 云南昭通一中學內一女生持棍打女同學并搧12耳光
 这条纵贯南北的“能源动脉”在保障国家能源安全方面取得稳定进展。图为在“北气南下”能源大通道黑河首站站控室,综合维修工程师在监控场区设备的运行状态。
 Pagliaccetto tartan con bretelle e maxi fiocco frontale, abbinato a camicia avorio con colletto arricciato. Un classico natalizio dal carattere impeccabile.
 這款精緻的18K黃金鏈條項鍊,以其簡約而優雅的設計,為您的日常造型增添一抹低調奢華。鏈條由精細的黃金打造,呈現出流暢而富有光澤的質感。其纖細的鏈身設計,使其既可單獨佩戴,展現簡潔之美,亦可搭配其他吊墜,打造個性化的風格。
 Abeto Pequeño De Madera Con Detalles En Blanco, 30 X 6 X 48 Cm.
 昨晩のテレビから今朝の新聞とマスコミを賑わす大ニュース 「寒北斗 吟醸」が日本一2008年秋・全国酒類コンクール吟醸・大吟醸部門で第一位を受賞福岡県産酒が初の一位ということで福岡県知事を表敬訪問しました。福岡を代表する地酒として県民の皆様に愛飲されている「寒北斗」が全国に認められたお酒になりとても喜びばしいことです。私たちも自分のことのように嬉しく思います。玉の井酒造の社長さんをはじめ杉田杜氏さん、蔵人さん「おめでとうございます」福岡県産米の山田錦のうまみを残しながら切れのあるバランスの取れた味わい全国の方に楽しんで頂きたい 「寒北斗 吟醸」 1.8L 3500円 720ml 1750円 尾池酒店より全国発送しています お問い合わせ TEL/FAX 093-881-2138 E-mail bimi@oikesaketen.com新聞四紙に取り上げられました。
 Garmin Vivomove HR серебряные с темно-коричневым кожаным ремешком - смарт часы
==
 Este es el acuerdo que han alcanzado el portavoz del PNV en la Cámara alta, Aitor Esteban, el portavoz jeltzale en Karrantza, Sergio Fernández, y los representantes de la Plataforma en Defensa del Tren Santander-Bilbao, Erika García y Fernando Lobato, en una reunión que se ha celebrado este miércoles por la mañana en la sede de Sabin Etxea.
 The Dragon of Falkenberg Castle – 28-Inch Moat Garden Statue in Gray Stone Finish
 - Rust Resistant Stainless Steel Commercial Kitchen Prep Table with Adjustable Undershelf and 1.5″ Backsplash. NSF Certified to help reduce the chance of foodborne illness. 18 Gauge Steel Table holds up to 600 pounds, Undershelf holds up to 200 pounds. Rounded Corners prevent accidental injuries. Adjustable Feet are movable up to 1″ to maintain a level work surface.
==
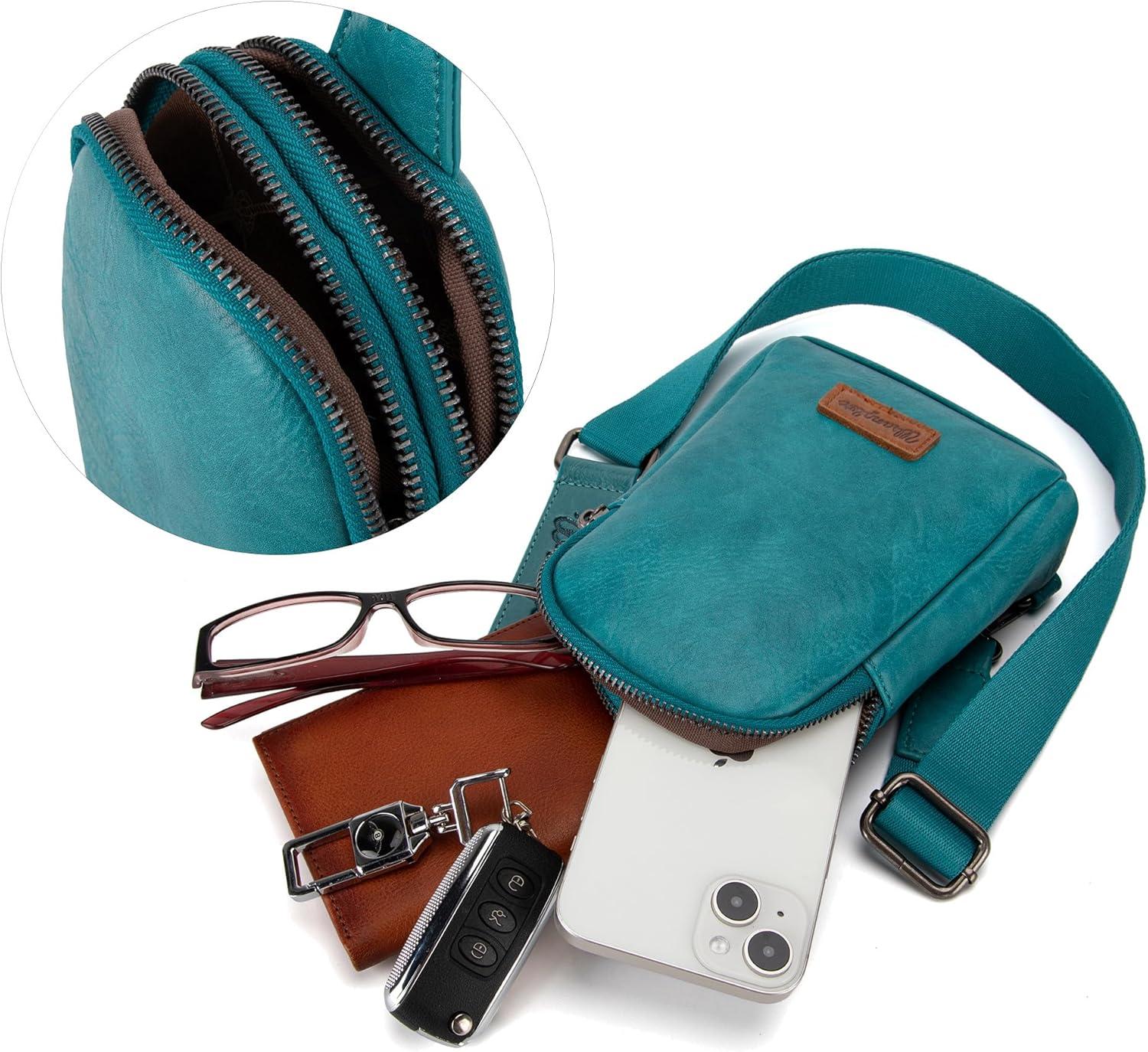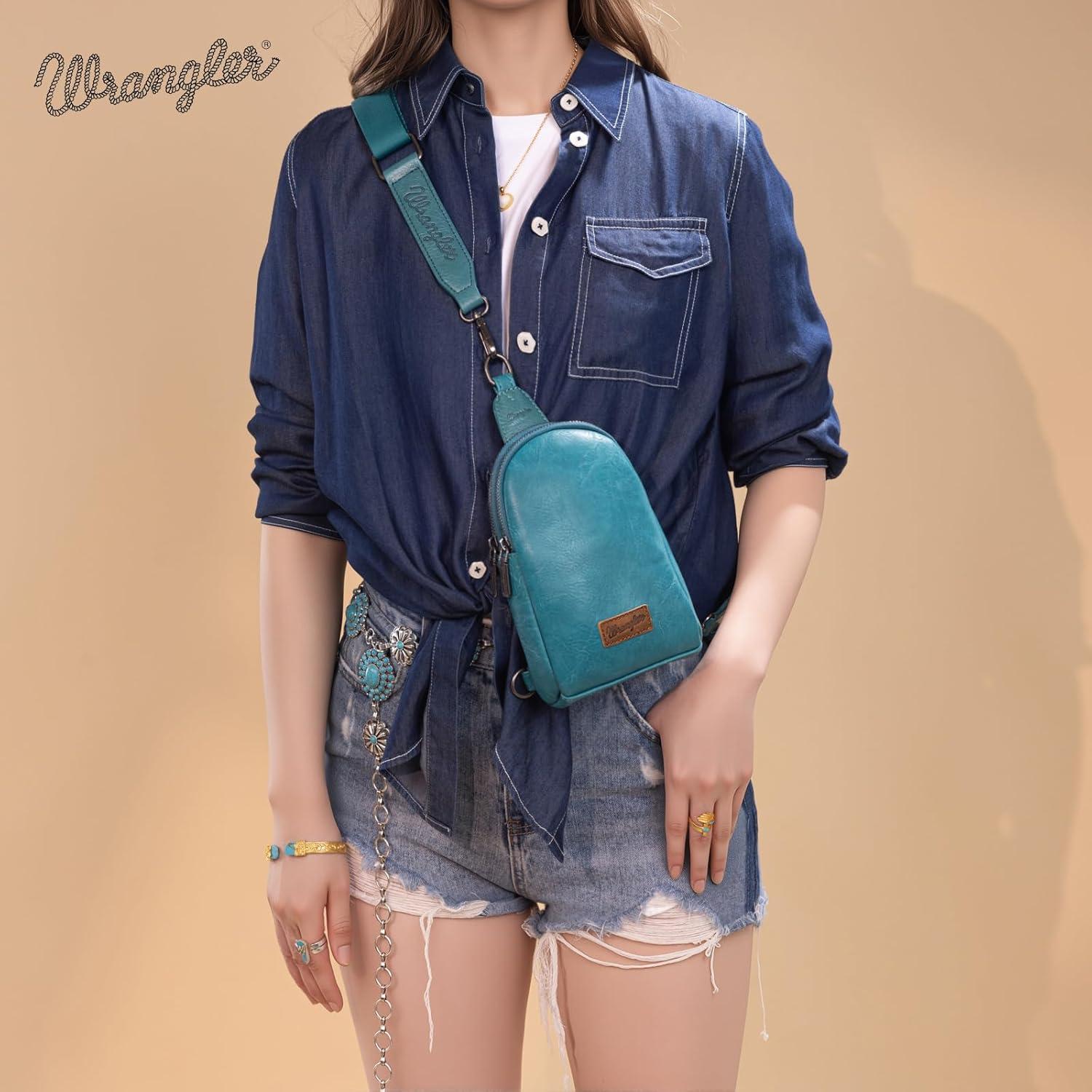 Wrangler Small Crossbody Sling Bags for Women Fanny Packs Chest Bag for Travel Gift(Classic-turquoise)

▸ **Aim of the task**:
The lines above starting at the one that contains "The Dragon of" and ending at the one that contains "- Rust Resistant" must be transcribed exactly, and no other lines may appear.

▸ **Reply**:
 The Dragon of Falkenberg Castle – 28-Inch Moat Garden Statue in Gray Stone Finish
 - Rust Resistant Stainless Steel Commercial Kitchen Prep Table with Adjustable Undershelf and 1.5″ Backsplash. NSF Certified to help reduce the chance of foodborne illness. 18 Gauge Steel Table holds up to 600 pounds, Undershelf holds up to 200 pounds. Rounded Corners prevent accidental injuries. Adjustable Feet are movable up to 1″ to maintain a level work surface.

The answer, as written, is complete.